◆ Data items
· · · ·

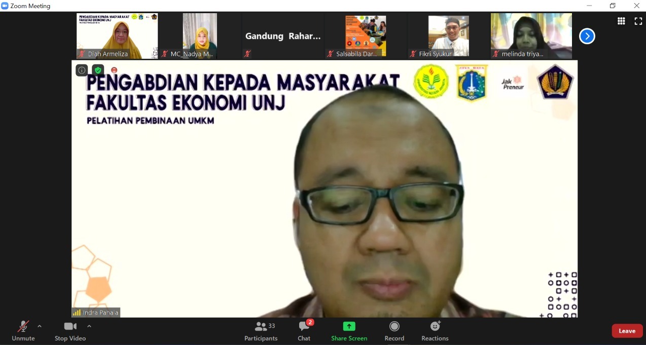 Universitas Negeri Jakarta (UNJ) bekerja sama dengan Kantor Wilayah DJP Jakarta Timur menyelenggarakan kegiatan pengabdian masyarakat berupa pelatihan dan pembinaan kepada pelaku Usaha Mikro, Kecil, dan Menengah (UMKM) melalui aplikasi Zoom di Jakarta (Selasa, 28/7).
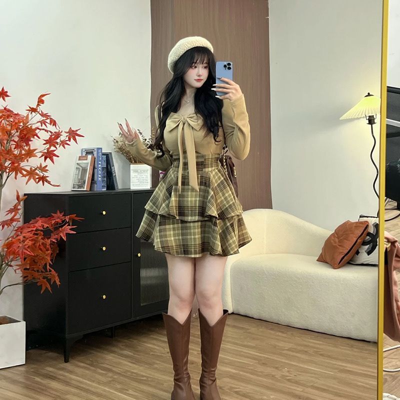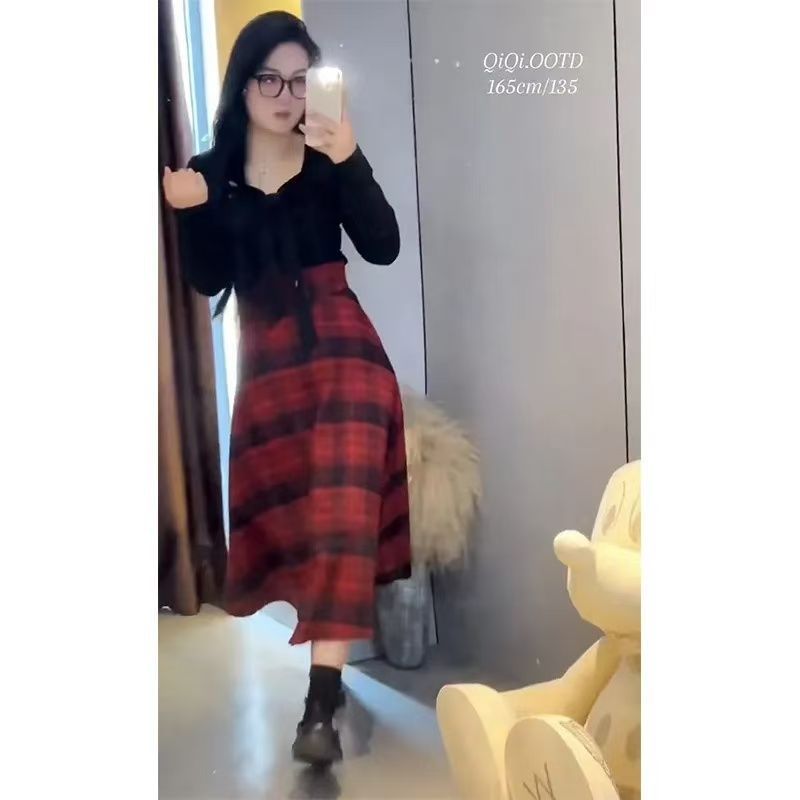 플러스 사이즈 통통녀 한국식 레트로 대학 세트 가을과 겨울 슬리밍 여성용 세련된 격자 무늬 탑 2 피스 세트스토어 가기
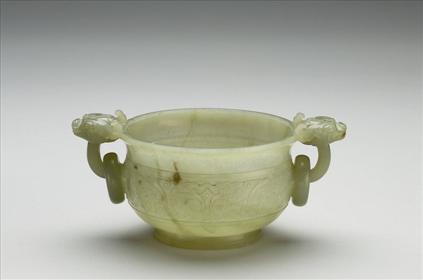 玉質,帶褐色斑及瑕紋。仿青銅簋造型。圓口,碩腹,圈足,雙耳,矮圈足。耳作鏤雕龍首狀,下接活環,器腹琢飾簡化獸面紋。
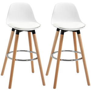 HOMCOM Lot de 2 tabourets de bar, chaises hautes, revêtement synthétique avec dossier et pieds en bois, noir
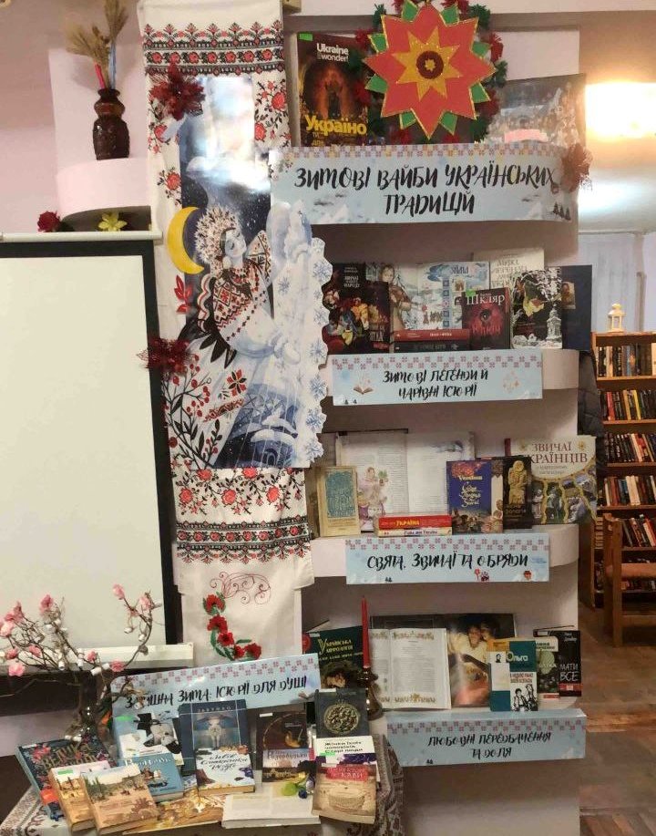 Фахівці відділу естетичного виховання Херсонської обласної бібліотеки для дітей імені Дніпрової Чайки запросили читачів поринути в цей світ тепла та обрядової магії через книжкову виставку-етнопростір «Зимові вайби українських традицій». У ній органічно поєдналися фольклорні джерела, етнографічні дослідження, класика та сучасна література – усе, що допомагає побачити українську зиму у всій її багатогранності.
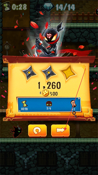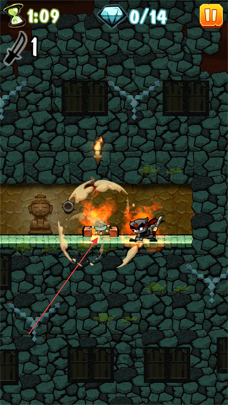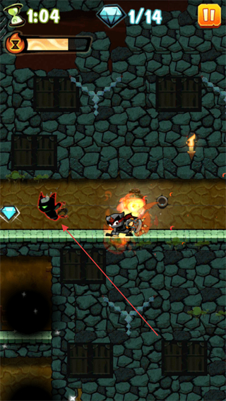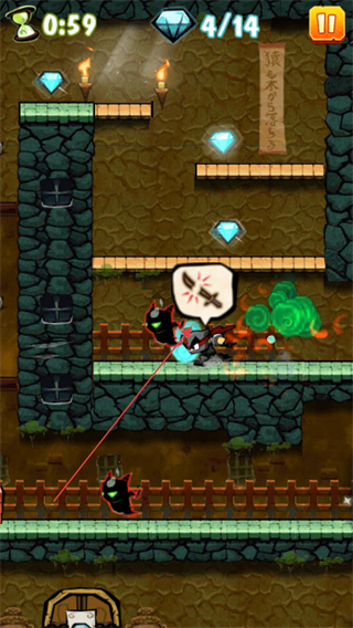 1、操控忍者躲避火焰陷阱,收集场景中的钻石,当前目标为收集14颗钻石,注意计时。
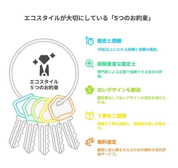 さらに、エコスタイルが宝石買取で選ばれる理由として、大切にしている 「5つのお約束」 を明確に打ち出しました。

· · · ·

◆ Task to complete
An exact transcription of the records above is needed, with no pictures included.

◆ Exercise result
 Universitas Negeri Jakarta (UNJ) bekerja sama dengan Kantor Wilayah DJP Jakarta Timur menyelenggarakan kegiatan pengabdian masyarakat berupa pelatihan dan pembinaan kepada pelaku Usaha Mikro, Kecil, dan Menengah (UMKM) melalui aplikasi Zoom di Jakarta (Selasa, 28/7).
 플러스 사이즈 통통녀 한국식 레트로 대학 세트 가을과 겨울 슬리밍 여성용 세련된 격자 무늬 탑 2 피스 세트스토어 가기
 玉質,帶褐色斑及瑕紋。仿青銅簋造型。圓口,碩腹,圈足,雙耳,矮圈足。耳作鏤雕龍首狀,下接活環,器腹琢飾簡化獸面紋。
 HOMCOM Lot de 2 tabourets de bar, chaises hautes, revêtement synthétique avec dossier et pieds en bois, noir
 Фахівці відділу естетичного виховання Херсонської обласної бібліотеки для дітей імені Дніпрової Чайки запросили читачів поринути в цей світ тепла та обрядової магії через книжкову виставку-етнопростір «Зимові вайби українських традицій». У ній органічно поєдналися фольклорні джерела, етнографічні дослідження, класика та сучасна література – усе, що допомагає побачити українську зиму у всій її багатогранності.
 1、操控忍者躲避火焰陷阱,收集场景中的钻石,当前目标为收集14颗钻石,注意计时。
 さらに、エコスタイルが宝石買取で選ばれる理由として、大切にしている 「5つのお約束」 を明確に打ち出しました。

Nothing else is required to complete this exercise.